Я сжал зубы, но ничего не ответил.
– Но я с самого начала вставил в твой интерфейс небольшую надстройку, рассчитанную на работу с их силами, – продолжил Грановский. – Ты ведь уже разобрался, верно?
– Ты имеешь в виду вот это? – спросил я, открыв свое меню и найдя там новую вкладку с воспоминаниями Олега.
– К сожалению я твое меню не вижу, – Грановский развел руками. – Но думаю, ты и сам понял, о чем идет речь. То, в чем Странники черпают свою силу. То, в чем черпает ее и наш общий знакомый Ник. Смерть. И то, что остается после смерти.
– Это что, душа? – задал я вопрос, не дававший мне покоя.
– Я бы так не сказал, – ответил Грановский. – В своем интерфейсе я назвал это образом. Это не душа. Это… как бы это лучше выразить… своего рода, фотография души. Ее статическое состояние, запечатленное в определенный момент. Но тем не менее, это очень серьезная штука. Знаешь ли ты, что именно такие образы, пройдя через мясорубку междумирья, превращаются в нежить, с которой ты сражаешься?
– Серьезно? – спросил я, взглянув на мерцавшую в моем меню белую сферу по-новому. Значит, вот, как выглядят мои враги? До того, как они станут врагами.
– Да, – сказал Грановский тихо. – Кстати, если ты осторожно потянешь за нее, то сможешь взять в руки. Попробуй.
С некоторым недоверием я протянул пальцы к сфере и попытался взять ее. Я ждал, что она окажется бесплотной, как и само меню, и пальцы пройдут сквозь нее, однако она без труда отделилась от призрачного пергамента и оказалась в моих руках – гладкая, сияющая и чуть теплая.
– Если у тебя будет их несколько, можно будет выделить и взять их все разом, проведя пальцем вот так, – сказал Грановский, и сделал в воздухе движение пальцем вниз.

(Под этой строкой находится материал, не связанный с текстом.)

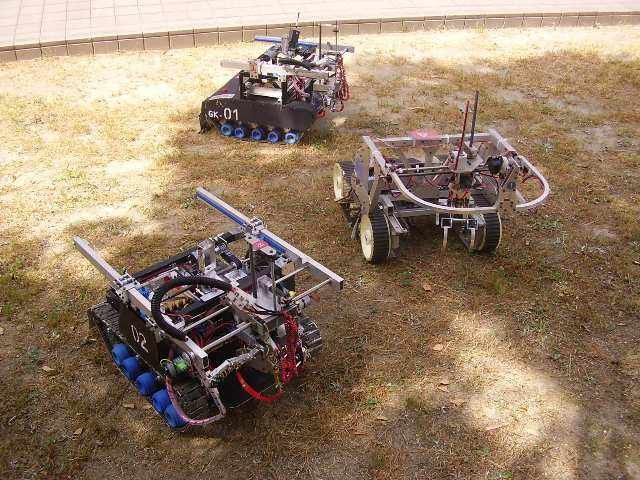 レスキューロボットの紹介(保護者も参加しています) ロボットも暑さに参った、、木陰で休憩

– Зачем это? – спросил я. – Что мне с ними делать?
– Боюсь, тут из меня не лучший учитель, – Грановский пожал плечами. –
Я взвесил сферу в руке, вглядевшись в ее матовую белизну. Странный снаряд. Едва ли он пригодится мне в качестве оружия. Да и как-то кощунственно это – бросаться последними воспоминаниями живых людей.
– У тебя мало времени, – произнес призрак. – Ситуация на континенте деградирует очень быстро. Не исключено, что к лету здесь не останется никого живого. Отсидеться в крепости не выйдет.

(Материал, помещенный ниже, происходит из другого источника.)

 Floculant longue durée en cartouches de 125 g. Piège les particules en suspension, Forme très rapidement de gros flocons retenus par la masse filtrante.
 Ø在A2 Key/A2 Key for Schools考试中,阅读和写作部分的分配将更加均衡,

– Я и не собираюсь отсиживаться! – ответил я. – Но у меня есть обязательства. Не перед тобой – тебе я ничего не должен.
– А я и не прошу ничего для себя, – спокойно ответил Грановский. – Я-то сейчас в безопасности – в отличие от тебя и всех прочих, кто сейчас живет на Монланде. Подумай о них.
– Я думал о них прямо сейчас, – ответил я. – И у меня есть более насущные дела, чем гоняться за какими-то неведомыми шаманами. Но твой совет я принял к сведению. Ты сказал – я услышал.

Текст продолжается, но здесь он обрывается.